Q: Does adding read replicas speed up writes?

No — there's still a single primary doing all writes, and with synchronous replication more replicas can make writes slightly slower . Replicas scale reads ; scale writes with bigger hardware, partitioning/sharding, or (carefully) multi-primary.

Put it all together — a brief and a blank canvas. Design the replication topology for a read-heavy news site that must survive one server dying. The expected shape of a good answer is in the comments.

Practice quiz

In a typical replication setup, how many nodes accept writes?

  • Every node
  • All the replicas
  • Exactly one (the primary)
  • None

Answer: Exactly one (the primary). Exactly one node, the primary, owns the writes; every replica is a read-only copy that follows it.

What is the core trade-off of synchronous vs asynchronous replication?

  • Durability vs latency
  • Storage vs memory
  • Reads vs columns
  • Encryption vs speed

Answer: Durability vs latency. Synchronous waits for a replica before COMMIT (zero data loss but slower); async commits immediately (fast but can lose recent commits).

With asynchronous replication, what does 'replication lag' represent?

  • The time to create a backup
  • How long a query runs
  • The number of replicas
  • The gap between the primary having data and a replica having it

Answer: The gap between the primary having data and a replica having it. Lag is the delay (usually milliseconds) before a replica catches up, and it's the worst-case data loss if the primary dies.

Which synchronous_commit level guarantees a replica has APPLIED the change so reads on it see it?

  • off
  • remote_apply
  • local
  • remote_write

Answer: remote_apply. remote_apply is the strictest level: COMMIT waits until the replica has applied the change, making it visible to reads there.

How does physical (streaming) replication copy data?

  • It ships the raw WAL as a byte-for-byte copy of the whole cluster
  • Row-by-row, table by table
  • By taking nightly backups
  • By exporting CSV files

Answer: It ships the raw WAL as a byte-for-byte copy of the whole cluster. Physical/streaming ships the raw write-ahead log, an exact byte copy of the whole cluster, tied to the same major version.
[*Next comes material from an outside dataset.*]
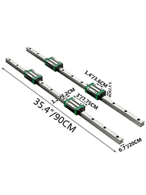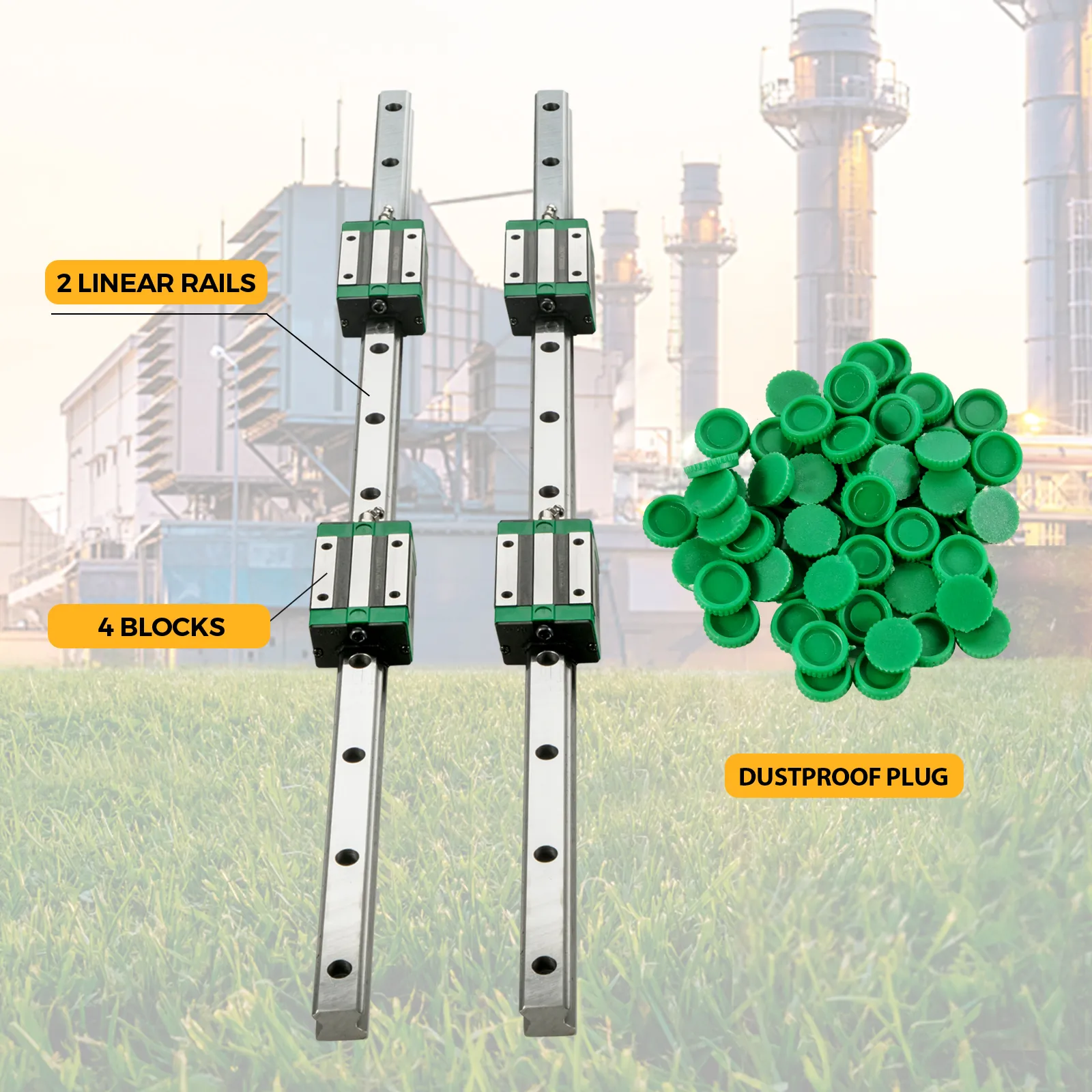 The linear guide and bearings kit contains 2 pieces of 35.4"/900 mm long HSR20 rail shaft, 4 HSR20 blocks, and a bunch of dustproof plugs.

What is a key advantage of logical (publish/subscribe) replication over physical?

  • It is always faster
  • It needs no configuration
  • You can copy only chosen tables and replicate across major versions
  • It copies DDL automatically

Answer: You can copy only chosen tables and replicate across major versions. Logical replication decodes row changes table-by-table, letting you select tables and cross major versions, though DDL and sequences aren't carried over.

What is the 'read-your-writes' problem when routing reads to async replicas?

  • Writes get duplicated
  • A user who just wrote may hit a lagged replica that hasn't received the change yet
  • Replicas reject all reads
  • Reads are always stale forever

Answer: A user who just wrote may hit a lagged replica that hasn't received the change yet. Because async replicas lag, a user who just saved and reloads may read from a behind replica and think their save was lost.
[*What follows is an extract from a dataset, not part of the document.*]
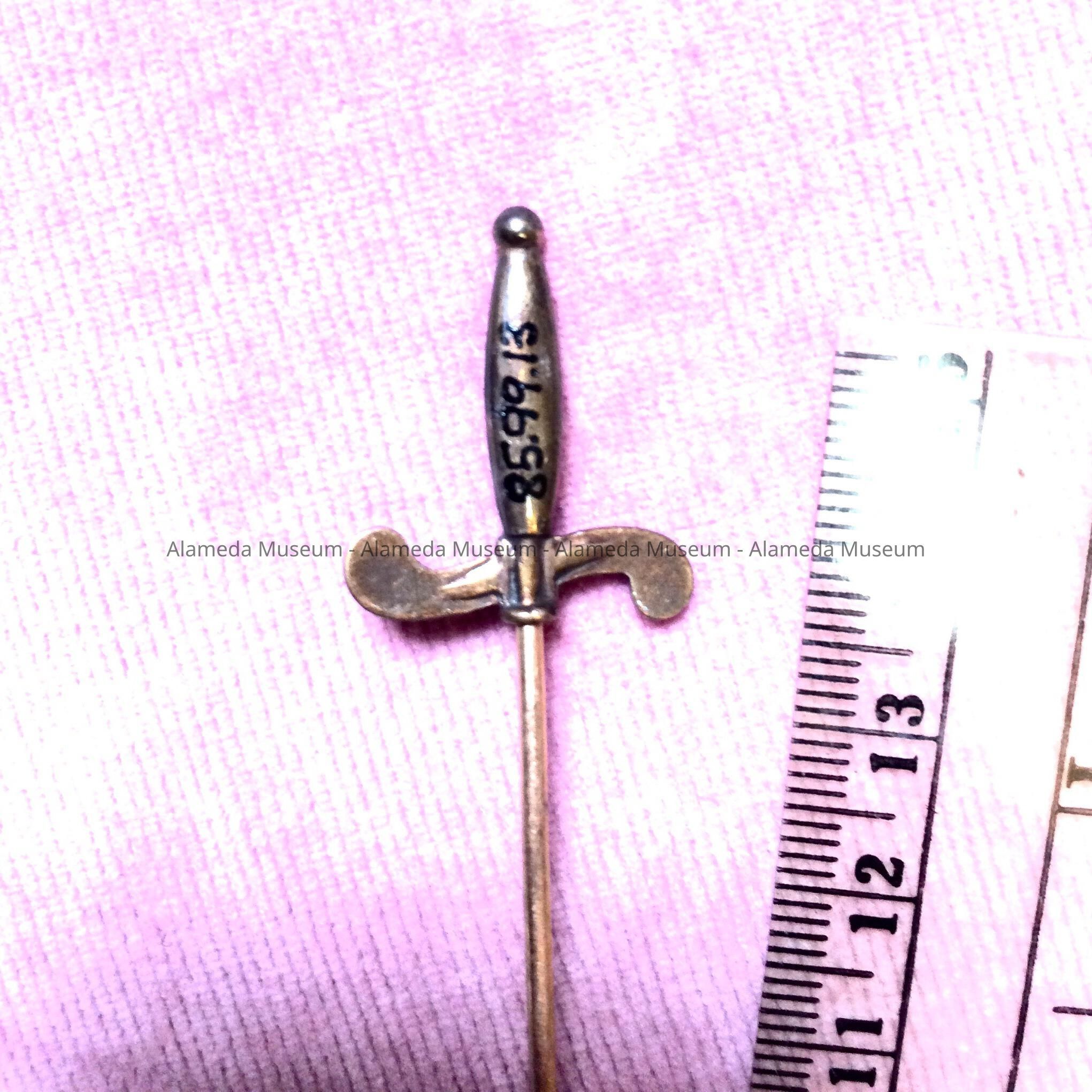 Decorative hat pin that originally belonged to Mrs. Samuel M. Haslett, 1605 Clinton Avenue. She was an old-time resident of Alameda.

Does adding read replicas increase write capacity?

  • Yes, linearly with each replica
  • Yes, but only with logical replication
  • Only on weekends
  • No, there is still a single primary doing all writes

Answer: No, there is still a single primary doing all writes. Replicas scale reads; writes still go through one primary, and synchronous replication can even make writes slightly slower.
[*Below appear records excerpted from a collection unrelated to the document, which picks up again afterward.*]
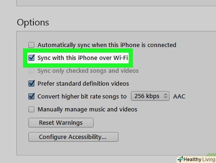 - Встановіть прапорець біля " синхронізувати lt;ваш пристрій gt; через Wi-Fi».
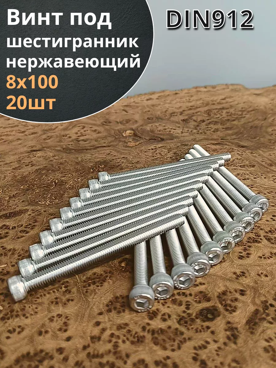 Винт нержавеющий шестигранник М8х100, DIN 912, 20 шт
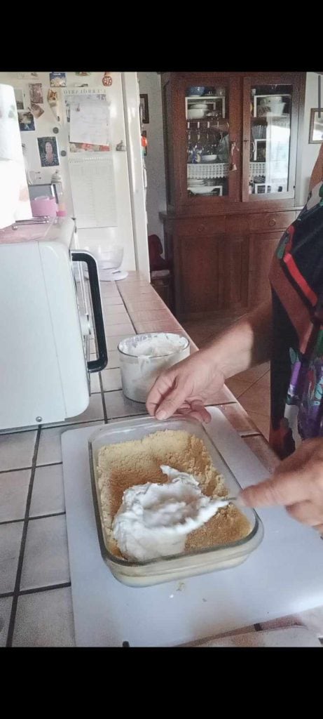 Blend the crackers until they are powdered. Melt the butter, add it to the crackers, and mix everything together. Transfer the mixture to a mold, level it well with a spoon, and keep it in the fridge while you prepare the cheese cream.

What is 'split-brain' during a failover?

  • A replica that runs out of disk
  • The old primary resumes writing after a replica was promoted, so two primaries diverge
  • A query that returns two results
  • A backup that fails

Answer: The old primary resumes writing after a replica was promoted, so two primaries diverge. If the old primary keeps accepting writes after promotion, you get two writers and silently diverging data; fence the old primary first.

Which PostgreSQL function tells a server whether it is a primary or a read-only replica?

  • pg_promote()
  • pg_stat_replication
  • pg_is_in_recovery()
  • pg_reload_conf()

Answer: pg_is_in_recovery(). pg_is_in_recovery() returns TRUE on a read-only replica and FALSE on the primary that accepts writes.